▸ Task
Look below for the line that contains "- Moi je me" and the line that contains "Чугунная ванна Универсал", then restate both of them and every line in between, exactly. No picture goes in the copy.

▬▬▬▬▬▬

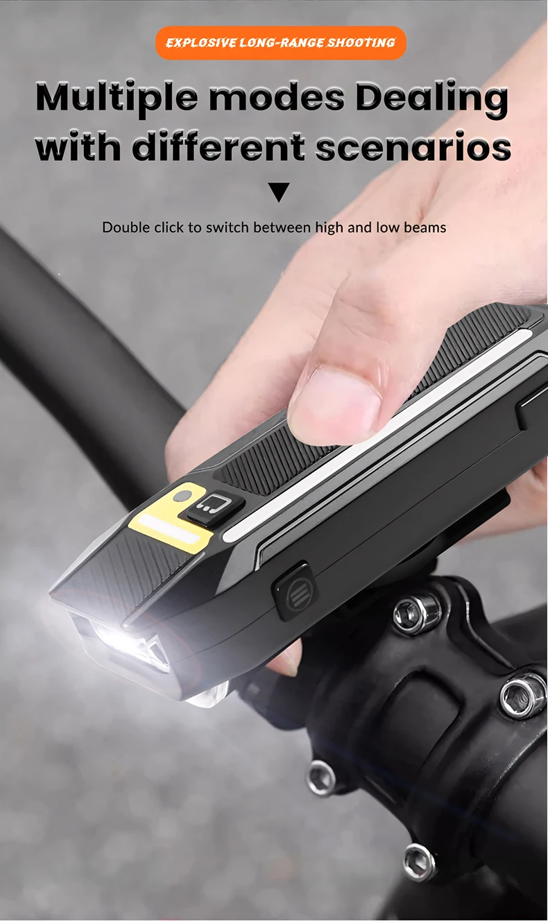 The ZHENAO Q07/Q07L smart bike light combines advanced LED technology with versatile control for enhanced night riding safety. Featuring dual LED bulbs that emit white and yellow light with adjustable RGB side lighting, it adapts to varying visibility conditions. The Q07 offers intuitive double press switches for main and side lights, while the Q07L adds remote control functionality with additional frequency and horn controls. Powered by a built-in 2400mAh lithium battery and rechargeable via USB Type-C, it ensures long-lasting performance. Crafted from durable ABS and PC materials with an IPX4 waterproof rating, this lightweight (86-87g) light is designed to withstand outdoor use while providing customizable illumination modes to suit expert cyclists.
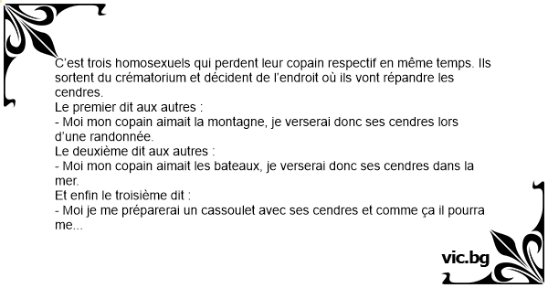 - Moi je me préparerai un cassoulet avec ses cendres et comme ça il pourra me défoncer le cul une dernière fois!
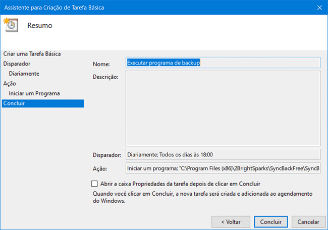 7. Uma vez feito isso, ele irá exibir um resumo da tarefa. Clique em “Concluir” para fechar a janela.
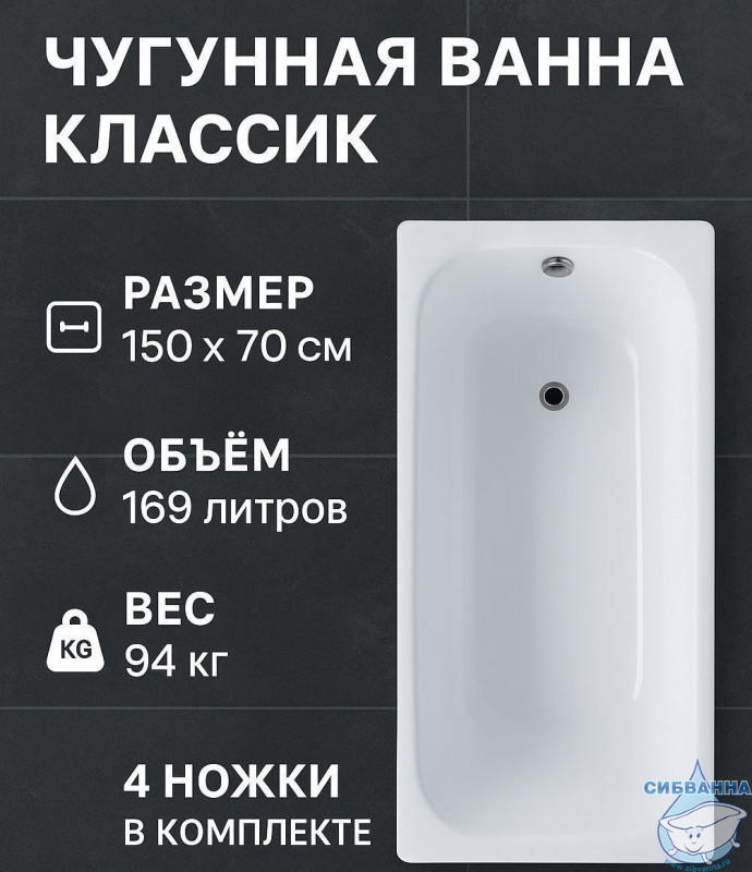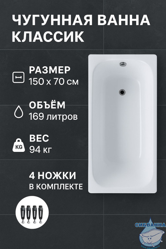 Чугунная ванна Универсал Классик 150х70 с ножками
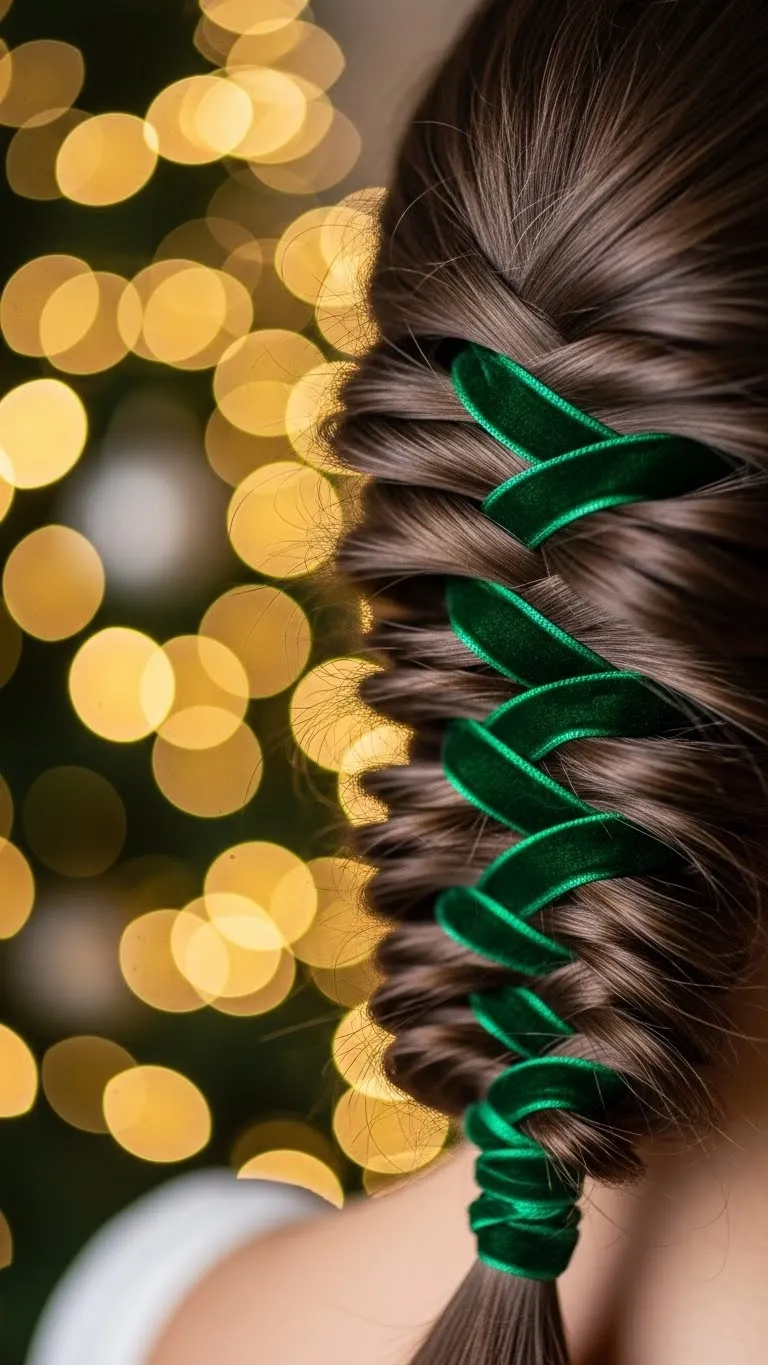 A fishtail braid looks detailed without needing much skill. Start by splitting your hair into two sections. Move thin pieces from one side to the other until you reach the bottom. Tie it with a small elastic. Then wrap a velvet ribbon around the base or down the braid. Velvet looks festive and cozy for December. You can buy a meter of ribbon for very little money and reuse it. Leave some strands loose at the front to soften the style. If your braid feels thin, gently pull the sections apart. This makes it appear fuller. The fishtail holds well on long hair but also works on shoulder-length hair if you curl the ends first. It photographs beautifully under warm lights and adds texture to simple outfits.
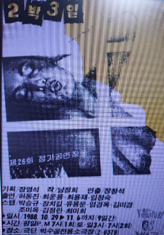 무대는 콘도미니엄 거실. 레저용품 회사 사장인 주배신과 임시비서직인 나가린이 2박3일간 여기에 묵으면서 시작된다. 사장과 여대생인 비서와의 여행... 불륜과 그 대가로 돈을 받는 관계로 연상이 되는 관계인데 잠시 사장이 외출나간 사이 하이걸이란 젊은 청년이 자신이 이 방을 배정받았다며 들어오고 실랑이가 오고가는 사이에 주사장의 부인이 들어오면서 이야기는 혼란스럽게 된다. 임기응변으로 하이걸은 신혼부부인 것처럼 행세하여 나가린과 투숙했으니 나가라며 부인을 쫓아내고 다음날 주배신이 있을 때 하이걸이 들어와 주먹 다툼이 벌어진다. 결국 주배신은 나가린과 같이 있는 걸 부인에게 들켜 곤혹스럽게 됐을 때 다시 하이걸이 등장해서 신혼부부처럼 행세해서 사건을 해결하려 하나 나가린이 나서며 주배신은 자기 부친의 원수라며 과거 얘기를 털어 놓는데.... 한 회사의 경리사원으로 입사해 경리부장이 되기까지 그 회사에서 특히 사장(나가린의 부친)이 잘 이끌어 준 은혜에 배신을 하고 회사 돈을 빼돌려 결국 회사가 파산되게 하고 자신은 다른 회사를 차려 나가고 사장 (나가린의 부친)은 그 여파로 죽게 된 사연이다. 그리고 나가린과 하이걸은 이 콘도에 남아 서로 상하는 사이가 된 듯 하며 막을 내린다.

▬▬▬▬▬▬

▸ Your solution
 - Moi je me préparerai un cassoulet avec ses cendres et comme ça il pourra me défoncer le cul une dernière fois!
 7. Uma vez feito isso, ele irá exibir um resumo da tarefa. Clique em “Concluir” para fechar a janela.
 Чугунная ванна Универсал Классик 150х70 с ножками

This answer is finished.